Science:Math Exam Resources/Courses/MATH152/April 2011/Question A 08

First we see the line

 A=zeros(4,4);

from the hint we notice that Matlab stores by row then by column so this is an instruction to create a matrix filled with zeros that has 4 rows and 4 columns. Therefore after this call we have

${\displaystyle A={\begin{bmatrix}0&0&0&0\\0&0&0&0\\0&0&0&0\\0&0&0&0\end{bmatrix}}.}$

The next lines

 for k=1:4
   A(k,k)=-k;
 end

initiates a for loop or a counting loop over a variable k. It says to start at k=1, perform whatever is inside the loop, increase k by 1 and then repeat until k=4. Here we see that the kth row and the kth column of A from 1 ≤ k ≤ 4 is filled with -k.

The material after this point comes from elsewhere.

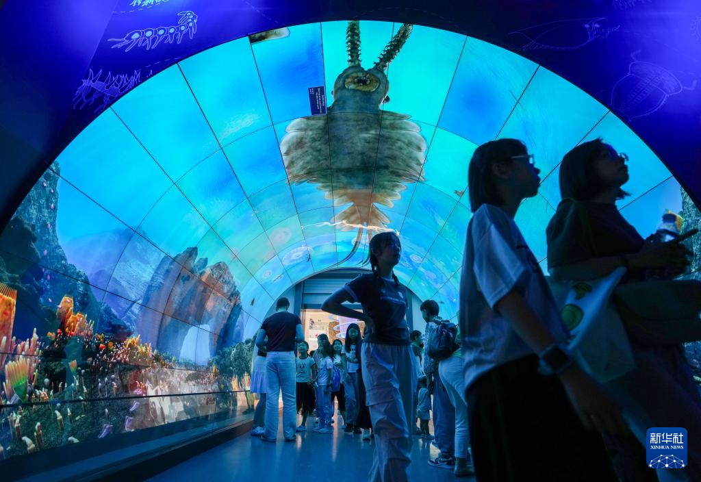 7月15日,游客在澄江化石地世界自然遗产博物馆“寒武纪海底隧道”参观。新华社记者 陈欣波 摄

Therefore, after this for loop we have

${\displaystyle A={\begin{bmatrix}-1&0&0&0\\0&-2&0&0\\0&0&-3&0\\0&0&0&-4\end{bmatrix}}.}$

The next lines are

 for k=1:4
   A(1,k)=1;
 end

which is another for loop. This time we always stay on row 1 but column k gets filled with 1 for 1 ≤ k ≤ 4. Notice since we still start at k=1 then the first entry we write to is A(1,1) which already has a -1 in it. Therefore, this will get overwritten with a 1. The matrix becomes

${\displaystyle A={\begin{bmatrix}1&1&1&1\\0&-2&0&0\\0&0&-3&0\\0&0&0&-4\end{bmatrix}}.}$

Since there are no more lines of code, this is the final matrix.